O TESOURO DE BRESA


O TESOURO DE BRESA
              O árabe, com sua prodigiosa imaginação, faz a lenda surgir de todos os recantos do deserto, e como são interessantes as lendas que os baduínos e caravaneiros vão colher para além dos oásis... Malba Tahan era um verdadeiro caçador de lendas. A lenda abaixo atesta o valor desse grande pesquisador brasileiro, que projetou-se nos mais diversos campos do saber e é reconhecido internacionalmente.
 
 

             Houve, outrora, na Babilônia – a famosa cidade dos jardins suspensos – um pobre e modesto alfaiate chamado Enedim Musseieb, homem inteligente e trabalhador, que por suas boas qualidades e dotes de coração, granjeara muitas simpatias no bairro em que morava.
             Enedim passava o dia inteiro, de manhã até à noite, cortando, consertando e preparando as roupas de seus numerosos fregueses, e embora fosse paupérrimo, não perdia a esperança de vir a ser riquíssimo, senhor de muitos palácios e de grandes tesouros. Como conquistar, porém essa tão ambicionada riqueza? – pensava o mísero remendão, passando e repassando a agulha grossa de seu ofício – como descobrir um desses famosos tesouros que se acham escondidos nas profundezas dos mares?

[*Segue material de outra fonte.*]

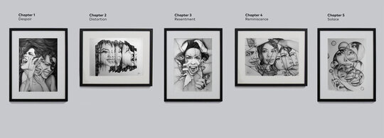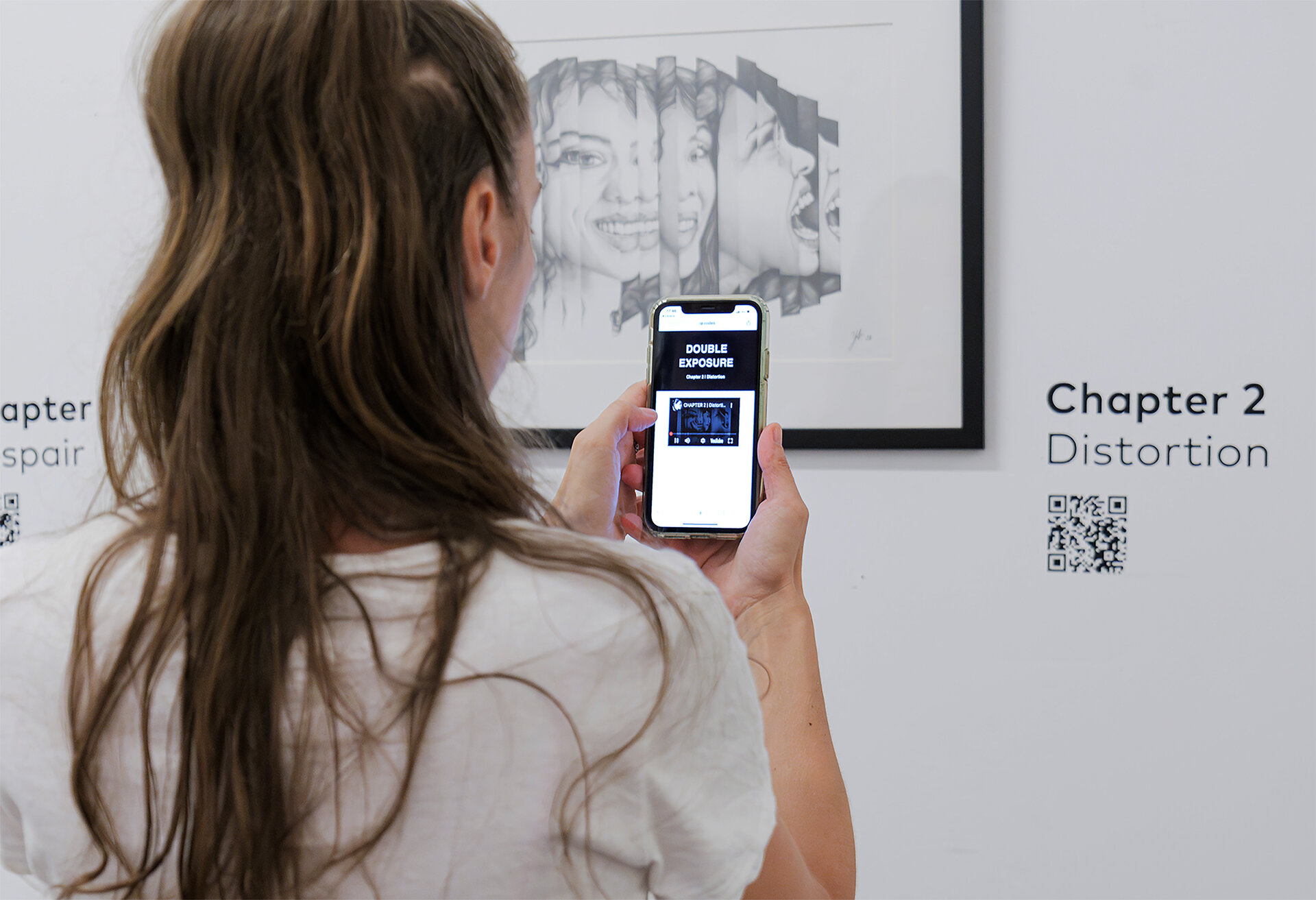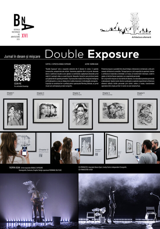 "Double Exposure" este o expoziție alcătuită din 5 desene în creion, 5 „capitole” consecutive autoportrete ale artistei. Asemenea paginilor dintr-un jurnal, desenele devin o subtitrare vizuală a unor gânduri și sentimente copleșitoare, înregistrate pe o axă temporală a emoțiilor.

              Ouvira ele contar, em palestras com estrangeiros vindos do Egito, da Síria, da Grécia e da Fenícia, histórias prodigiosas de aventureiros que haviam topado com cavernas, cheias de ouro; grutas profundas, forrageadas de brilhantes; luras sórdidas que guardavam caixas pesadíssimas a transbordar de pérolas, mimosos frutos da rapina de bárbaros cartagineses. E não poderia ele, á semelhança desses aventureiros felizes, descobrir um tesouro fabuloso, e tornar-se, assim, de um momento para outro, mais rico do que Naboinid, o rei poderoso? Ah! Se tal acontecesse, ele seria, então, senhor de um coruscante palácio: teria numerosos escravos; e, todas as tardes, num grande carro de ouro, tirado por mansos leões, passaria, de seu vagar, por sobre as grandes muralhas de Babilônia, cortejando amistosamente os príncipes ilustres da casa real.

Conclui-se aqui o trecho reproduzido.